Enzyme-linked immunosorbent assay (ELISA) for analyzing the binding between mCRP and isolated NETs
Isolated NETs with the adjusted dsDNA concentration of 5 μg/mL were coated on the Poly-L-Lysine-coated plates in PBS at 37°C for 1 hr. Nonspecific binding sites were blocked in PBS containing 2% BSA at 37°C for 1 hr. mCRP at 4.0 μg/mL in PBS was added to the wells in duplicate and incubated at 37°C for 1 hr. Where indicated, 0.1 U/μL DNase I (D7076, Beyotime) was added to wells after NETs were coated on plates, or 0.1 mg/mL polyclonal rabbit anti-MPO antibodies (N5787, Sigma-Aldrich) were added to wells before mCRP was added at 37°C for 1 hr. Then Clone CRP-8 (C1688, Sigma-Aldrich) diluted 1: 1000 in PBS was added at 37°C for 1 hr followed by incubation at 37°C for 1 hr with anti-mouse IgG (Fab specific)–alkaline phosphatase antibody produced in goat (A1293, Sigma-Aldrich) diluted 1:2000 in PBST. The p-nitrophenyl phosphate (N2770, Sigma-Aldrich) at a concentration of 1 mg/mL was used in substrate buffer [1 M diethanolamine and 0.5 mM MgCl2 (pH 9.8)]. Color development was measured spectrophotometrically at 405 nm (Bio-Rad, Tokyo, Japan). In each step, the volume was 100 μL and the plates were washed three times with PBS between steps. All samples were tested in duplicate.

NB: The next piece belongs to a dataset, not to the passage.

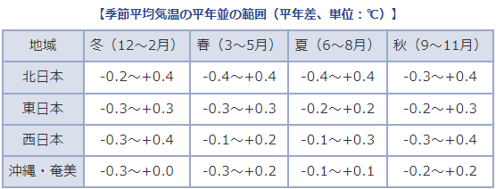 この平年並みの値に対して、前後何度までを平年並みとするかは北日本、東日本、西日本、沖縄・奄美のエリアごとで異なります。

Measurement of the levels of D-dimer
D-dimer levels of the samples were analyzed on the VIDAS system (bioMérieux) in our central laboratory. The single-dose, ready-to-use reagent included a solid-phase receptacle and a strip. 200 μL of samples were added to the first well on the strip and then inserts the strip and corresponding solid-phase receptacle into the analyzer. The whole assay is carried out at 37°C for 35 min. The D-dimer concentration was calculated from a calibration curve specific to the reagent batch stored in the software.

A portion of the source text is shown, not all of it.